Many canned vegetables, soups, and other food products are prepared with lots of salt for taste and to preserve the food. I often advise my patients to avoid these products if possible, and instead, eat fresh vegetables or low-salt soups. If you do need to use canned vegetables, you can buy the “no salt added” kind or rinse the vegetables before eating to get rid of the extra salt. Similarly, canned tuna is also often high in salt, so I advise giving that a rinse as well.

4) Processed foods

Similar to canned vegetables and soups, many processed foods carry lots of salt. This includes some frozen products, like frozen dinners and pizzas. My best advice here is to avoid these foods in favor of freshly prepared dishes. Or, if you have no other choice, look for low-salt or low-sodium versions. Some brands make healthier products for people with hypertension and heart disease. Those products will have the AHA logo printed on them and will have little to no salt added.

5) Unhealthy snacks

Everyone likes to munch on snacks between meals or at the end of the day. However, if you look at the snack aisle, what do you find? Chips, cookies, crackers, jerky, nuts, all of which have lots of salt in them! In fact, it’s their salt, fat, and sugar that make snacks so addictive. For example, popular chip flavorings such as ranch, salt and vinegar, cheese, and barbeque are all high in salt. Again, look for versions with little or no salt added. Another option is buying plain popcorn and adding your own spices, so you don’t have to worry about salt at all.

6) Cured meats

Ham, bacon, and deli meats are often prepared by soaking them in a brine bath made with salt water and spices. While cured meats can be really tasty, it’s best to avoid them. Watch out especially during the holidays, when you go out to eat, and especially when you’re making a sandwich. Sandwiches are really high in salt because bread, cheese, condiments, and deli meat all have salt. It is quite easy for one sub or sandwich to have over 2,000 mg of salt.

7) Pickled foods

Similar to cured meats, pickled vegetables also carry a lot of salt. Pickling is a process where food sits in a solution of salt (to kill off bad bacteria) and other flavoring agents. Because of this, pickled foods often are high in salt. If you’re concerned about your blood pressure, avoid eating pickles or other pickled foods like kimchi and sauerkraut, or at least wash them before eating to get rid of some of the salt.

8) Alcohol

An alcoholic drink can raise your blood pressure slightly, but if you drink too much, your blood pressure may rise dramatically. For people who drink alcohol on a daily or semi-daily basis, cutting back to recommended levels can lower blood pressure by about 4 mmHg. The AHA recommends that men drink no more than one or two drinks a day and women drink no more than one drink a day. One drink is defined as 12 oz beer, 4 oz of wine, 1.5 oz of 80-proof spirits, or 1 oz of 100-proof spirits.

9) Caffeine

Coffee, tea, and energy drinks often come with caffeine, which can cause your blood pressure to rise. For people with a healthy blood pressure, caffeine really isn’t an issue, but if you have hypertension, it’s recommended that you limit your caffeine intake and choose decaf or half-caff coffee or caffeine-free teas instead. For more information about caffeine and hypertension, see our blog post here.

10) High-fat foods

While high-fat foods may not directly raise your blood pressure, they can pose other problems, like raising your risk for high cholesterol and type 2 diabetes. The mixture of hypertension, diabetes, and high cholesterol can dramatically increase your risk for heart problems. To correct this issue, following a healthy diet—such as the DASH diet—can really be helpful.

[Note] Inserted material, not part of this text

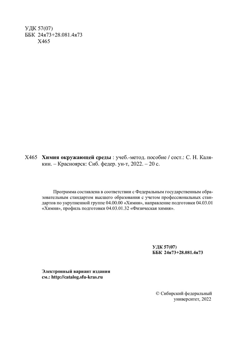 Библиографическое описание: Химия окружающей среды : учебно-методическое пособие / Сибирский федеральный университет, Институт цветных металлов и материаловедения ; сост. С. Н. Калякин. - Электрон. текстовые дан. (1,1 Мб). - Красноярск : СФУ, 2022 (2022-08-08). - 20 с. : табл. - Загл. с титул. экрана. - Электрон. версия печ. публикации . - Библиогр.: с. 14-16. - 100 экз. - Изд. № 2022-16863 : Б. ц. - Текст : электронный.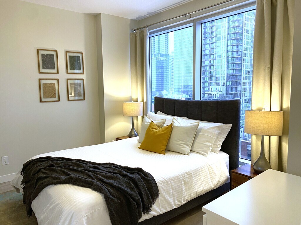 Stunning Fully Furnished 1 Bedroom Condo in the Heart of Downtown Edmonton With Underground Stall Included! Live in the vibrant heart of downtown Edmonton in this luxurious 1-bedroom, 1-bathroom suite located just steps from Rogers Place, summer markets, nightlife, and Edmonton's business core. Perfectly designed for both relaxation and entertaining, this modern suite offers everything you need for a convenient, stylish lifestyle. Key features of this fully furnished condo: - Ultra-modern kitchen with high end cabinetry, soft-close cupboards, and a spacious kitchen island that faces the dining area—ideal for entertaining guests - Bright and airy living space with large windows that fill the unit with natural light, creating a welcoming and open atmosphere - Generously sized bedroom with walk-in closet, offering ample storage - Air conditioning to keep you cool during the summer months - In-suite laundry for the ultimate convenience - Large balcony with amazing views Additional Feature Included With Rent: -One underground parking stall, all utilities plus Wi-Fi Small dogs welcome with approval and fee. Located on the 11th floor of the modern Fox Tower, offering amazing city views and a premium urban living experience Enjoy all the best that downtown Edmonton has to offer—whether you're catching a game at Rogers Place, exploring local markets, or indulging in the lively nightlife. This fully furnished suite offers luxury, style, and location in one package. Welcome to Edmontons beautiful Ice district. These fully furnished units have everything you can ask for! Live minutes away from Rogers place, farmers market and tons of restaurants and shops!

As you can see, many foods and drinks can increase your blood pressure, oftentimes through hidden salt. It’s easy to consume a lot of salt without being aware of it, so make sure to check nutrition labels when you can. Limiting your intake of salt (maximum daily limit of 1500 mg), alcohol, caffeine, and fats is really important if you have hypertension. If this is a challenge for you, talk to your healthcare provider about referring you to a nutritionist who can help you explore healthy options and cooking tips.